FRANKFURT/LONDON (Reuters) - SSE (SSE.L) aims to turn up the heat on top-ranked British Gas with a merger of its UK power and gas retail operations with those of npower, owned by Germany’s Innogy (IGY.DE).
The deal will bolster second-ranked SSE, creating a supply group with 11 billion pounds in combined sales that could kick off a consolidation in the British energy market where established firms are battling smaller, nimble rivals.
The roughly 11.5 million customer accounts of the new firm would move SSE closer to Centrica’s (CNA.L) British Gas, which has more than 14 million.
The company, in which SSE would have a stake of about two thirds, and British Gas would together control more than 50 percent of the market, but Innogy Chief Executive Peter Terium said he was confident British regulators would approve the deal.
“When we look at the competitive landscape and the uncertain political environment for energy retailers in Great Britain, it is clear that npower would be better placed to offer value to our customers and our shareholders as part of a new company,” Terium said.
The deal, which needs support from SSE shareholders and Innogy’s supervisory board, would cut the number of big energy retailers in Britain to five from six. Closing is expected in late 2018 or early 2019.
By merging their retail units, Innogy and SSE form a group with pro-forma sales of 10.9 billion pounds and operating profit of 123 million pounds in 2017. It is expected to become a small or midcap stock once listed on the London Stock Exchange.
Innogy and SSE are advised by Goldman Sachs and Credit Suisse, respectively, Terium said.
Smaller rivals, often able to offer cheaper deals due to lower overheads, now control around 20 percent of Britain’s market up from less than 1 percent a decade ago.
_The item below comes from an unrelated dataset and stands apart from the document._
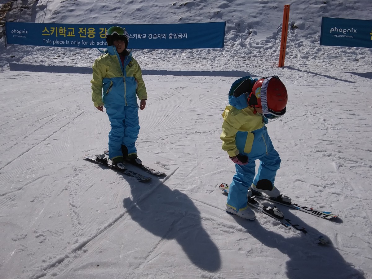 강습내용:스키타기전 장비소개.넘어졌을때인나는방법.스키탈때기본자세를배우고 슬로프타기전에 베이스에서스키를A자로만들어정지하는 프르그화렌수업을가져보다가 아이들이 조금씩 잘내려와서 퓅귄 슬로프로 이동해서 프르그화렌수업을한번도했습니다.아이들이 처음에는 겁도많고 강습시간떄 많이 더워서 아이들이 너무지쳐있길래 음류수를마시면서 10분정도 쉬는시간을 갖고 다시 퓅귄슬로프에가서 스키를A자로만들어업다운을하면서S자로턴을하는프르그보겐을가져봤습니다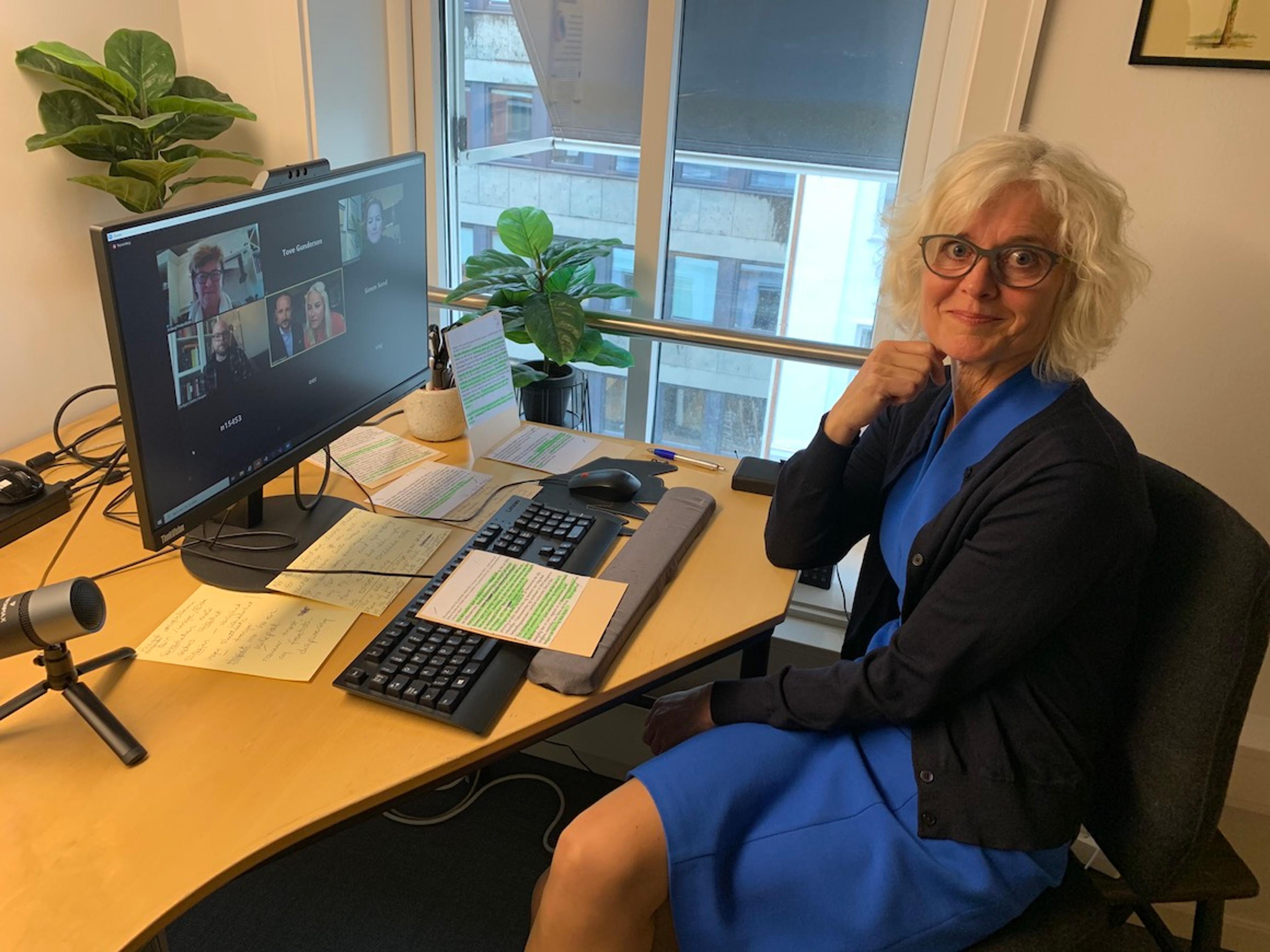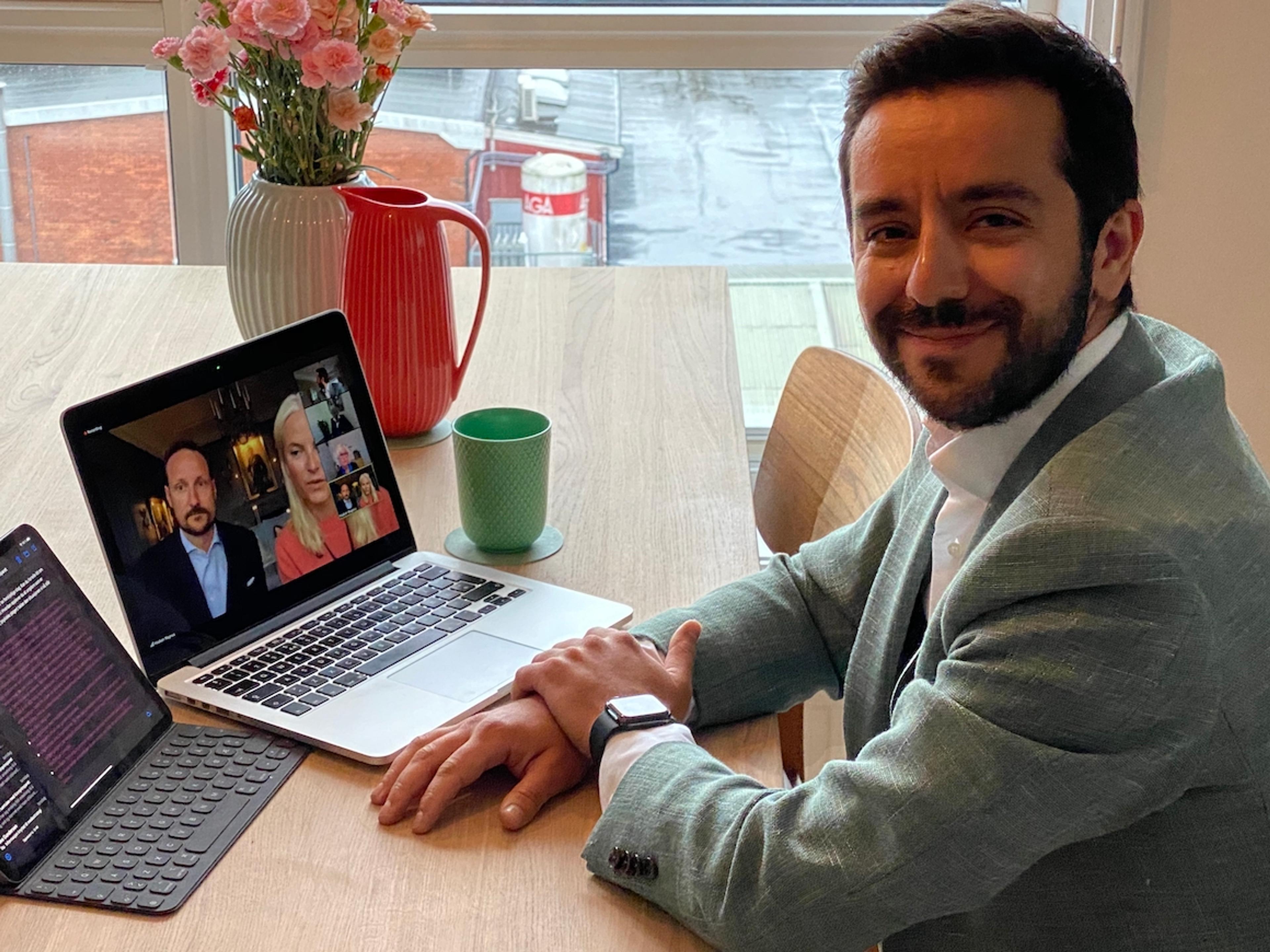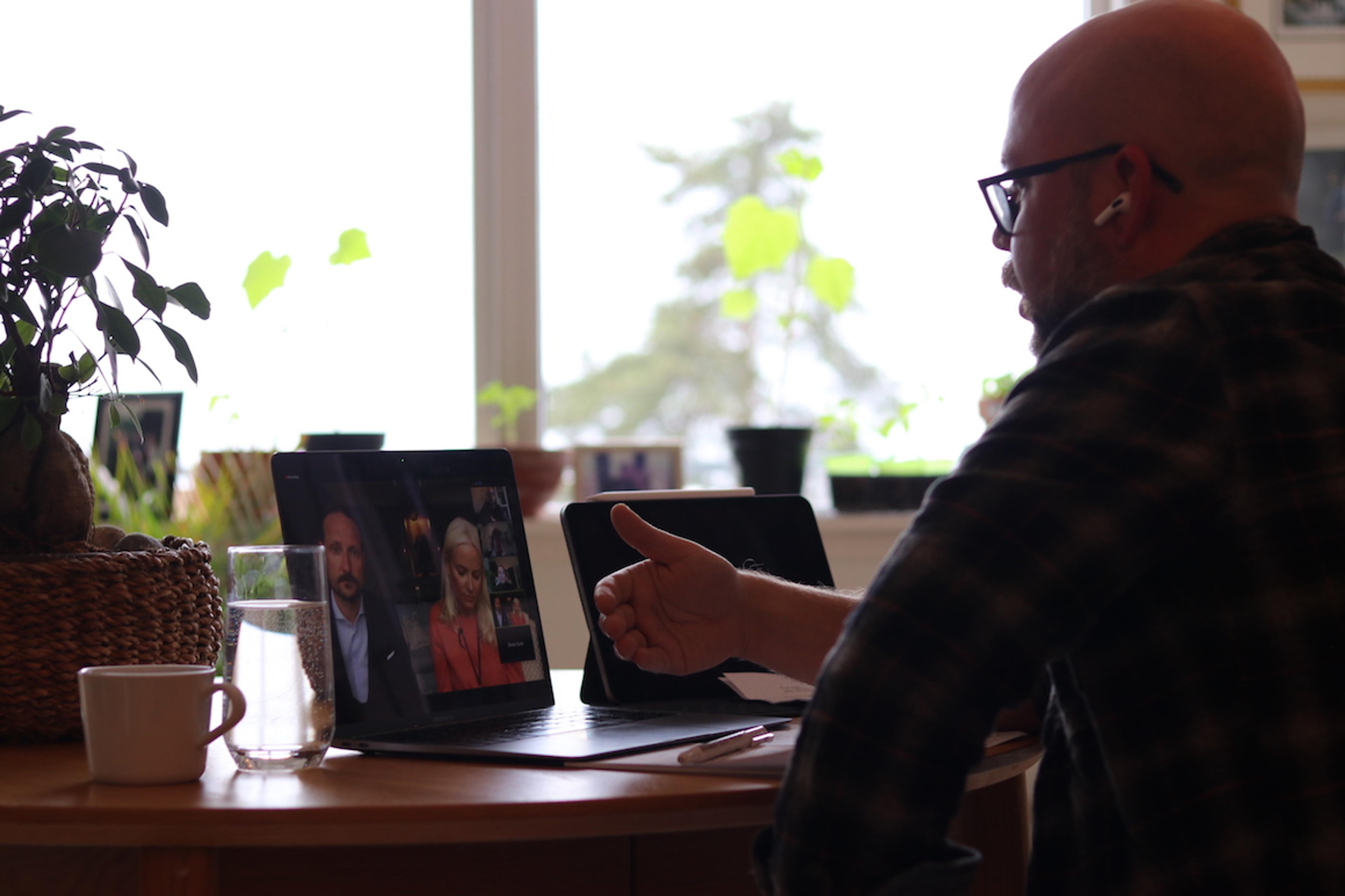 Ingen får være alene på vakt – selv om det er på hjemmekontor, forteller Bergset når Kronprinsessen spør hvordan de ansatte blir ivaretatt oppe i alt dette. - Alle inngår i elektroniske fellesskap der de kan få veiledning og har kontakt med andre.

Analysts expect further consolidation in future.
Rival E.ON (EONGn.DE), one of Britain’s big six power suppliers, on Wednesday said it had lost 200,000 customers in Britain so far this year.
Overall, there are around 60 energy suppliers operating in Britain at the moment.
“Given the interference in the market with the price cap, and pressure on margins, the natural reaction is for companies is to try to gain scale,” said Peter Atherton, an associate at consultancy Cornwall Insight.
Britain’s Competition and Markets Authority (CMA), which will need to approve the merger, said it was aware of the deal but would not comment when asked if it would give its approval.
Analysts expressed concerns about potential problems combining Innogy’s and SSE’s IT platforms, which according to Bernstein run on two different systems.
“While SSE and Innogy can sever a toxic limb through the transaction, 100 percent of RetailCo’s earnings will be exposed to UK political risks and competitive risks,” Deepa Venkateswaran, senior analyst at Bernstein, said.
SSE will hold 65.6 percent of the new entity, which will not include its business retail and Ireland operations. Innogy will hold the rest. It will receive a 60 million pounds break fee if SSE fails to get approval for the move by July 31, 2018.
“This process is likely to take some time and in the interim we remain absolutely focused on the critical job of delivering for customers,” said Alistair Phillips-Davies, Chief Executive of SSE.